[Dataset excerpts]
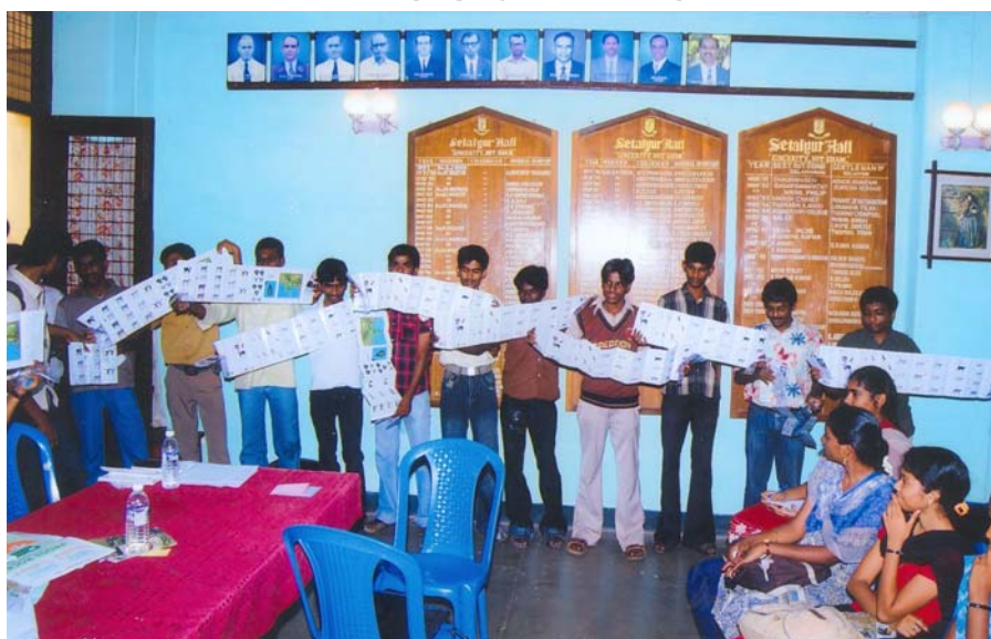
Students explains about kinds of South Asian Primates
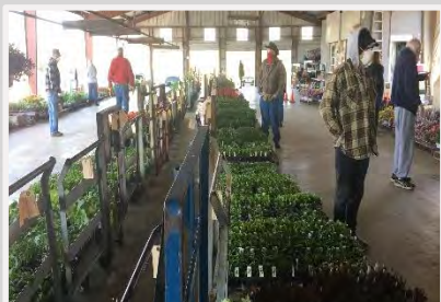
Loveville Produce Auction
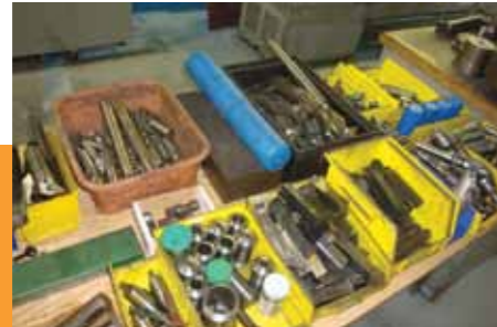
LARGE QTY. OF LATHE TOOLING
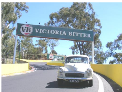
Negotiating the Bathurst Racetrack
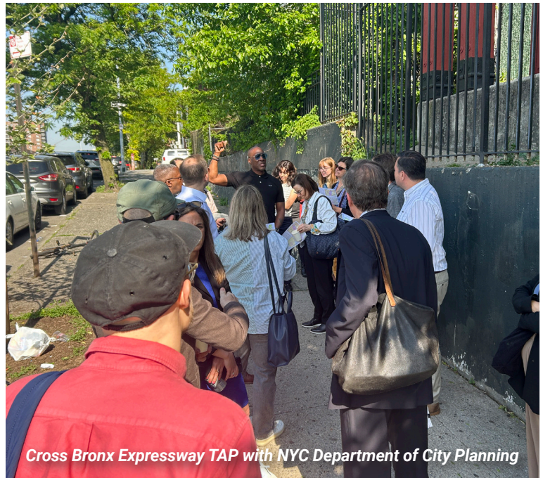
Cross Bronx Expressway TAP with NYC Department of City Planning

In May, ULI NY assembled a 10-person panel to explore strategies for the future of the Cross Bronx Expressway, focusing specifically on the impacts of climate change along a portion of the Expressway.
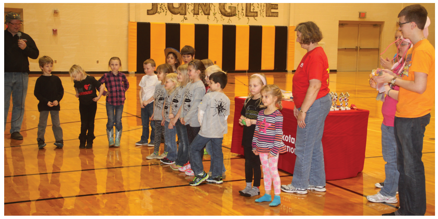
The Rising Stars were recognized at the awards event held Saturday at the Northeast Region DI Tournament held in Groton.

Monday, March 7, 2016 • Vol. 22 - No. 221 • 7 of 31
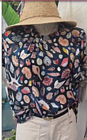
Clothing for your coastal lifestyle
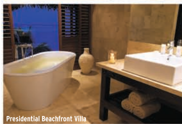
Presidential Beachfront Villa
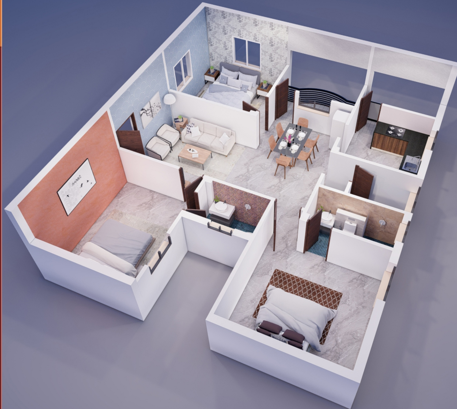
3D VIEW - I AAROV BLOCK
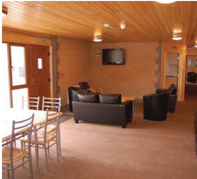
En-Suite Chalets - Downstairs
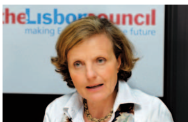
Paola Testori Coggi, director-general of DG Health and Consumers, European Commission

Convening as part of the Government of the Future Centre , this high-level workshop explored the current trend of putting the patient at the heart of healthcare provision. Paola Testori Coggi, director-general of DG health and consumers at the European Commission, presented priorities of the new European Commission for transforming the healthcare system. During a session on Patient-Centred Healthcare: New Approaches and Technologies Enabling More Effective Healthcare , decision makers and top-level practitioners from throughout Europe presented national success stories and best practices. The discussion focused in particular on how more extensive and smarter use of ICT can lead to better outcomes for patients and healthcare providers, and addressed the issue of more co-creation and collaborative innovation in the health system.
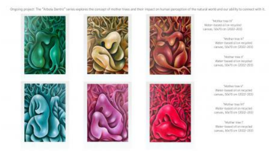
Mother Trees, 2024 Oil on water basis, on recycled canvas made of plastic bottles, All: 70x50x4cm
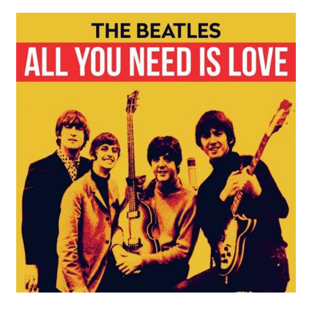
"All You Need Is Love" - The Beatles (1967)

All you need is love All you need is love All you need is love, love Love is all you need

PROBLEM REQUIREMENTS: Reproduce the data above exactly, but only from the line containing "Negotiating the Bathurst Racetrack" through the line containing "Consumers, European Commission". Omit all pictures.

TASK ANSWER:
Negotiating the Bathurst Racetrack
Cross Bronx Expressway TAP with NYC Department of City Planning

In May, ULI NY assembled a 10-person panel to explore strategies for the future of the Cross Bronx Expressway, focusing specifically on the impacts of climate change along a portion of the Expressway.
The Rising Stars were recognized at the awards event held Saturday at the Northeast Region DI Tournament held in Groton.

Monday, March 7, 2016 • Vol. 22 - No. 221 • 7 of 31
Clothing for your coastal lifestyle
Presidential Beachfront Villa
3D VIEW - I AAROV BLOCK
En-Suite Chalets - Downstairs
Paola Testori Coggi, director-general of DG Health and Consumers, European Commission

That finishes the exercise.